Tool Transition Graph

A directed graph constructed from historical agent trajectories where nodes are tools and edges with probabilistic weights capture how frequently one tool follows another, encoding tool usage inertia

Parameter-Level Information Module

Augments the graph nodes with parameter templates and contextual constraints to guide input generation for selected tools without requiring a full LLM call

Graph Traversal Engine

The runtime component that uses the current agent state and last-used tool to traverse the transition graph and select the next tool with minimal or zero LLM invocations

Historical Trajectory Miner

A preprocessing pipeline that parses past agent execution logs to extract tool usage sequences used to build and weight the transition graph

Results

Metric/Benchmark	Baseline (ReAct)	AutoTool	Delta
LLM Inference Cost	High (1 LLM call/step)	Reduced	Up to -30%
Task Completion Rate	Competitive baseline	Competitive	Minimal degradation
Tool Selection Accuracy	LLM-driven (high quality)	Graph-driven (near-competitive)	Slight tradeoff for efficiency
Scalability	Degrades with more tools	Scales via graph structure	Improved

Key Takeaways

Practitioners deploying ReAct-style agents at scale can integrate AutoTool as a drop-in efficiency layer by pre-mining historical trajectories, potentially cutting inference costs by ~30% with minimal impact on task performance
Tool usage inertia is a practically useful inductive bias: if your agent tasks follow recurring procedural patterns, statistical modeling of tool transitions is a lightweight and effective alternative to repeated LLM reasoning
The approach requires sufficient historical trajectory data to build a reliable transition graph, making it most suitable for mature agent deployments with stable tool ecosystems rather than highly dynamic or novel task environments

Abstract

Large Language Model (LLM) agents have emerged as powerful tools for automating complex tasks by leveraging the reasoning and decision-making abilities of LLMs.
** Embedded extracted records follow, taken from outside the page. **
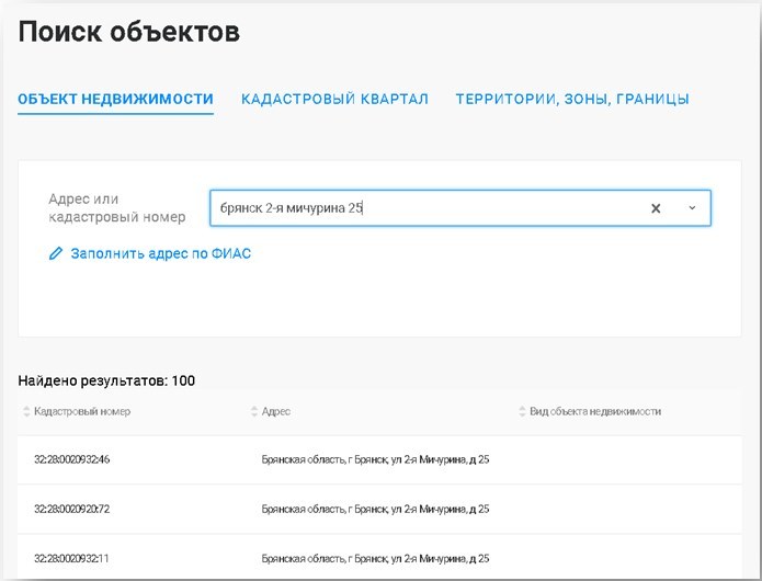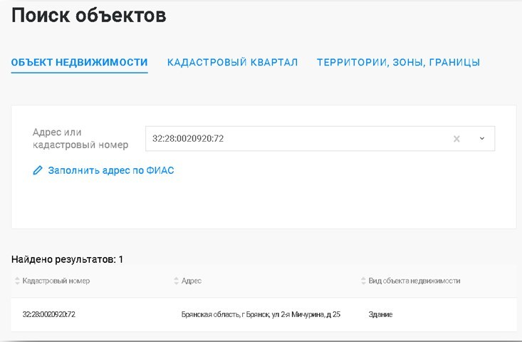 Появится окно, где можно по адресу или кадастровому номеру найти объекты недвижимости.
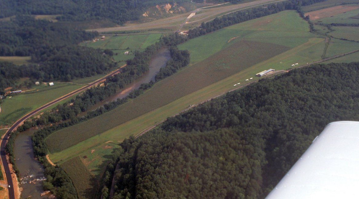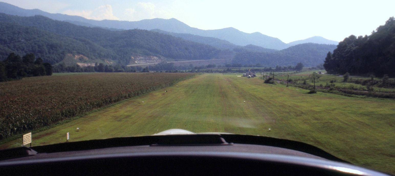 An August 1978 aerial view by Malcolm Taylor looking south at Ferguson Landing Field & the Tuckasegee River on departure.
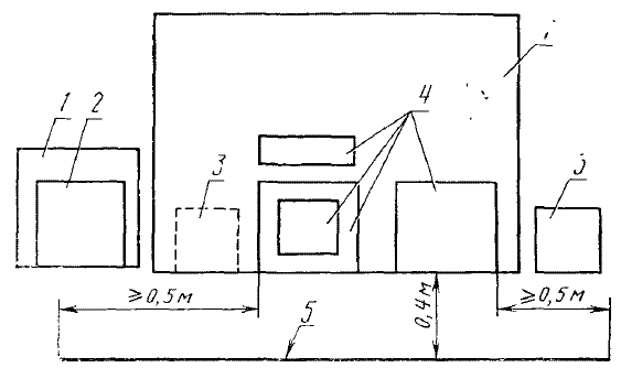 1 - стол; 2 - измеритель радиопомех; 3 - эквивалент сети; 4 - ТС, входящие в состав испытуемого устройства; 5 - металлический лист
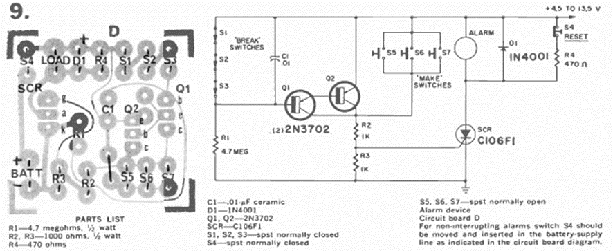 Este circuito, con placa de circuito impreso incluida, es de una revista de Radio Electronics de julio de 1971. El SCR puede ser cualquier equivalente de la serie 106.
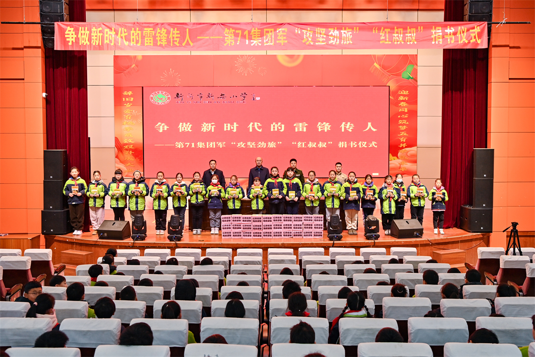 圖為第71集團軍“攻堅勁旅”組織官兵走進駐地學校,開展捐贈紅色書籍活動。

However, a major bottleneck in current agent frameworks lies in the high inference cost of tool selection, especially in approaches like ReAct that repeatedly invoke the LLM to determine which tool to use at each step. In this work, we propose AutoTool, a novel graph-based framework that bypasses repeated LLM inference by exploiting a key empirical observation: tool usage inertia—the tendency of tool invocations to follow predictable sequential patterns. AutoTool constructs a directed graph from historical agent trajectories, where nodes represent tools and edges capture transition probabilities, effectively modeling the inertia in tool selection. It further integrates parameter-level information to refine tool input generation. By traversing this structured representation, AutoTool efficiently selects tools and their parameters with minimal reliance on LLM inference. Extensive experiments across diverse agent tasks demonstrate that AutoTool reduces inference costs by up to 30% while maintaining competitive task completion rates, offering a practical and scalable enhancement for inference-heavy frameworks. Our work highlights the promise of integrating statistical structure into LLM agent design for greater efficiency without sacrificing performance.